In most organisations, data resides in a multitude of formats, applications, and locations. Each dataset can hold critical insights that can be unlocked by bringing that data together in a database to run queries. To achieve this, organisations typically employ a ‘big data’ approach to data management and analytics. This trend started with data warehousing more than 20 years ago and more recently has evolved to data lakes, where structured and unstructured data can be stored at any scale in a central repository.
However, many companies are now finding that rather than making data analysis faster it actually adds complexity, significant latency, and cost to the process of querying enterprise data and returning the analysis.
Historically, data management has fallen under the ownership of the IT department and employees with the technical skills needed to run queries and analyses were rarely found outside of the IT team. That world no longer exists. Today a flexible and intelligent data infrastructure is needed to facilitate self-serve analytics, allowing business users right across an enterprise to access the insights found within the data and act on them in real-time.
To achieve this, most of the leading analyst firms recommend implementing a tiered data management fabric (what Gartner calls a Unified Data Delivery platform).
By implementing a data management fabric, organisations can make their data available for analysis – both streaming and historical – in real-time, for maximum business value. It also reduces the need for costly integration projects as data remains in the location where it is most efficient for it to be housed (i.e. Oracle, S3, etc).

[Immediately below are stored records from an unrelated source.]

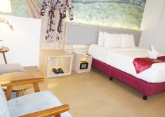 Kami menawarkan kamar junior suite untuk Anda yang mendambakan kamar tidur yang penuh kenyamanan dengan tempat tidur ukuran king untuk pengalaman tidur yang terbaik saat meninggalkan waktu-waktu sibuknya. Anda dapat menggunakan living room, dapur mini, serta fasilitas pembuatan teh dan kopi. Ruangan ini menyediakan kamar mandi yang lengkap dengan air panas dan air dingin. Terdapat juga hiburan dari LED Televisi dengan berbagai saluran luar negeri serta koneksi internet yang dapat diakses di seluruh area hotel. Kamar ini sempurna untuk Anda yang bepergian berdua atau menginap bersama keluarga kecil Anda.
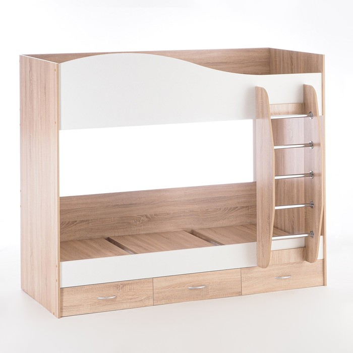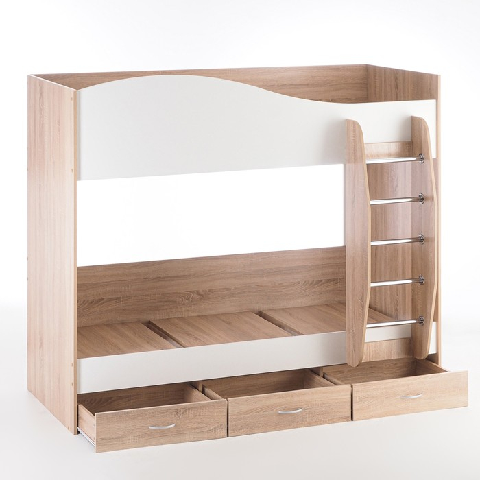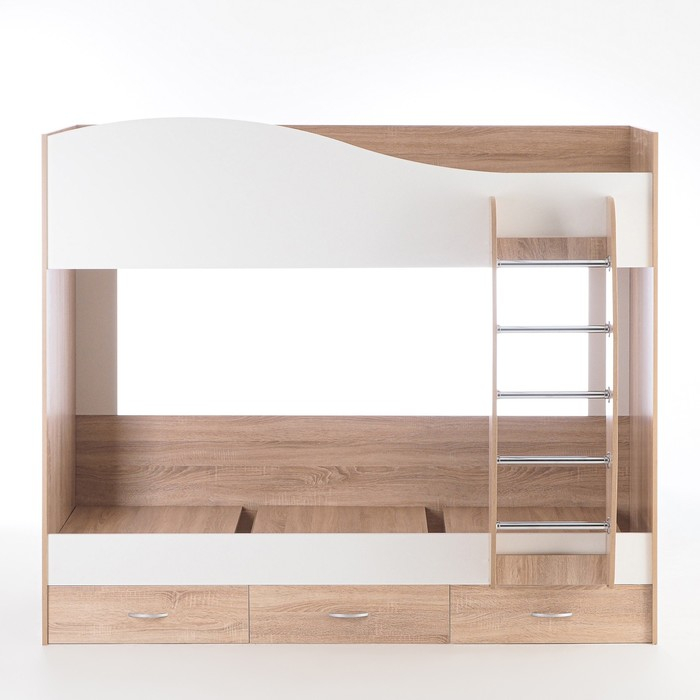 Кровать двухъярусная с ящиками, 800х2000, Белый/Дуб сонома
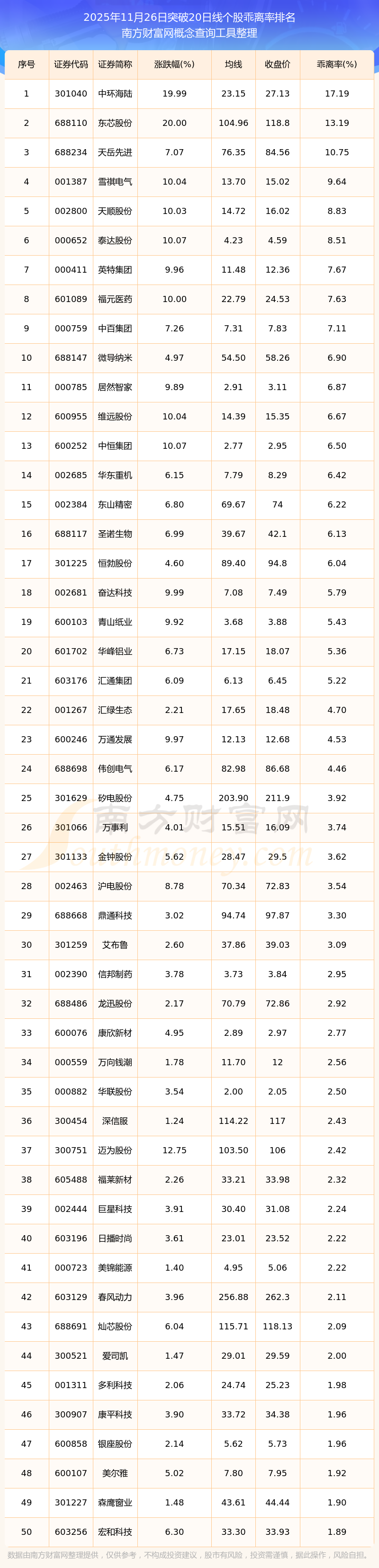 2025年11月26日突破20日線個(gè)股乖離率排名
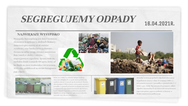 1) Co to jest recykling? 2) Jakich kolorów są pojemniki do segregowania odpadów? 3) Co to jest kompostownik? 4) Czy w Twoim otoczeniu też się segreguje śmieci?
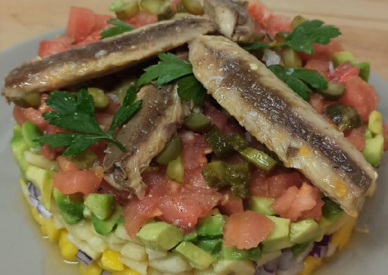 morada, manzana picada, aguacate, tomate picado, pepinillos agridulces. - Poner la caballa en lata en la parte superior de la ensalada y echar la vinagreta de
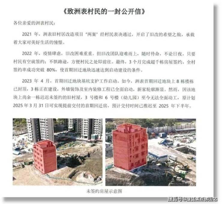 去年年底,《致洲表村民的一封公开信》中提到,首期回迁房地块上有1栋旧村屋 仍未签约,3号楼和6号楼(幼儿园)至今无法全面动工。

While there are a number of key components that should be present in a data management fabric – such as being able to support data delivery latencies (both batch and streaming) and being able to run anywhere, whether on-prem, hybrid or public cloud, there are two fundamental requirements.
Firstly, storage and compute must be separated i.e. processing is taken to where the data resides. Secondly, any infrastructure design must be able to access both relational and non-relational data (from Hadoop, cloud object stores, file stores, NoSQL stores, etc) via push-down processing and interface with these externalized platforms via standard languages and tooling.
This drive for standard languages and tooling results, in effect, with a distributed SQL engine sitting on top of a virtualised data layer, where queries are sent to the underlying databases, with the results then being aggregated and sent back to the user. By pushing workloads down to where the data resides at source, the heavy lifting is done at the optimum location. Without distributed SQL, too much complexity lands on the shoulders of the end-user as they need to have full knowledge of the underlying structure and location of the different datasets. In this data fabric model, data is more easily accessed and queried on a self-serve basis by business users across the enterprise.
The fast and the curious
Data volumes are only going to increase, data landscapes are only going to get more complex. The need for organizations to extract the value from their data in-the-moment will move from a nice to have to a critical need.
It’s important to say that at KX, we don’t believe a data management fabric requires existing big data architectures to be replaced. We advocate adding a fast-data layer using an analytics and management engine that can federate queries across existing storage repositories, whatever and wherever they reside.
However, without an approach that incorporates distributed SQL and some of the other key elements described above, businesses risk falling behind competitors who can respond to operational challenges and business opportunities faster, using insights and intelligence gained from in-the-moment analysis of real-time and historic data wherever that data resides.